Высший философский интерес, в отличие от того, что является более строго психологическим, связан с модусом ментальной ассоциации, называемой Неразделимым. Слияние ментальных состояний, отмеченное Хартли, как предполагалось Беркли, было далее сформулировано Джеймсом Миллем в следующих терминах:
«Некоторые идеи по частоте и силе ассоциации настолько тесно связаны, что их невозможно разделить; если существует одна, то и другая существует вместе с ней, несмотря на все усилия, которые мы прикладываем, чтобы их разъединить» ( Анализ человеческого разума , 2-е изд., т. I, стр. 93).
Заявление Джона Стюарта Милля было более сдержанным и конкретным:
«Когда два явления очень часто переживались в сочетании и ни в одном отдельном случае не встречались по отдельности ни в опыте, ни в мыслях, между ними возникает то, что называется неразрывной или, что менее правильно, неразрывной ассоциацией; под этим не подразумевается, что ассоциация должна неизбежно сохраняться до конца жизни, что никакой последующий опыт или процесс мышления не может ее разрушить; но лишь то, что до тех пор, пока такой опыт или процесс мышления не имели места, ассоциация непреодолима; для нас невозможно мыслить одну вещь отдельно от другой». ( Исследование философии Гамильтона , 2-е изд., стр. 191)
Философское применение этого принципа было сделано главным образом Джоном Стюартом Миллем. Первое и наиболее очевидное применение — это так называемые необходимые истины, которые не являются просто аналитическими суждениями, а включают синтез отдельных понятий. Опять же, тот же мыслитель стремился доказать, что Неразделимая Ассоциация является основой веры во внешний объективный мир. Первое применение, в частности, облегчается, когда опыт, посредством которого ассоциация, как предполагается, конституируется, понимается как кумулятивный в расе и передаваемый как изначальное дарование индивидам — дарование, которое может быть выражено либо субъективно, как скрытый интеллект, либо объективно, как фиксированные нервные связи. Спенсер, как предполагалось ранее, является автором этого расширенного взгляда на ментальную ассоциацию. [2]

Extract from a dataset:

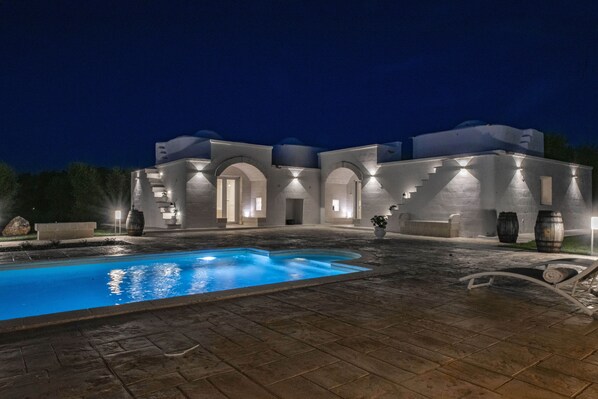 Outside where the splendid swimming pool dominates, there is a vast solarium with chaises longues and stone seats in pure local style and a vast area dedicated to the outdoor kitchen with a shaded patio for dinners and lunches by the pool.

В конце XIX века ассоциативная теория подверглась тщательной критике, и многие авторы утверждали, что законы неудовлетворительно выражены и недостаточны для объяснения фактов. Среди наиболее энергичных и всесторонних исследований — исследование Ф. Х. Брэдли в его «Принципах логики» (1883). Признав психологический факт ментальной ассоциации, он нападает на теории Милля и Бейна, прежде всего, на том основании, что они претендуют на то, чтобы дать отчет о ментальной жизни в целом, метафизическую доктрину существования. Согласно этой доктрине, ментальная деятельность в конечном счете сводится к отдельным чувствам, впечатлениям, идеям, которые разрозненны и не связаны, пока случайная ассоциация не соединит их вместе. При таком предположении законы ассоциации естественным образом возникают в следующей форме:
Фундаментальное возражение против закона смежности заключается в том, что идеи и впечатления, однажды испытанные, не повторяются; они являются отдельными существованиями и, как таковые, не продолжают повторяться или быть представленными. Поэтому Милль неправ, говоря о двух впечатлениях, которые «часто испытываются». Брэдли утверждает, что таким образом сводит закон к:
Это утверждение разрушает название закона, поскольку оказывается, что то, что было смежным (впечатления), не связано, а то, что связано (идеи), не было смежным; другими словами, ассоциация вообще не обусловлена смежностью. [7]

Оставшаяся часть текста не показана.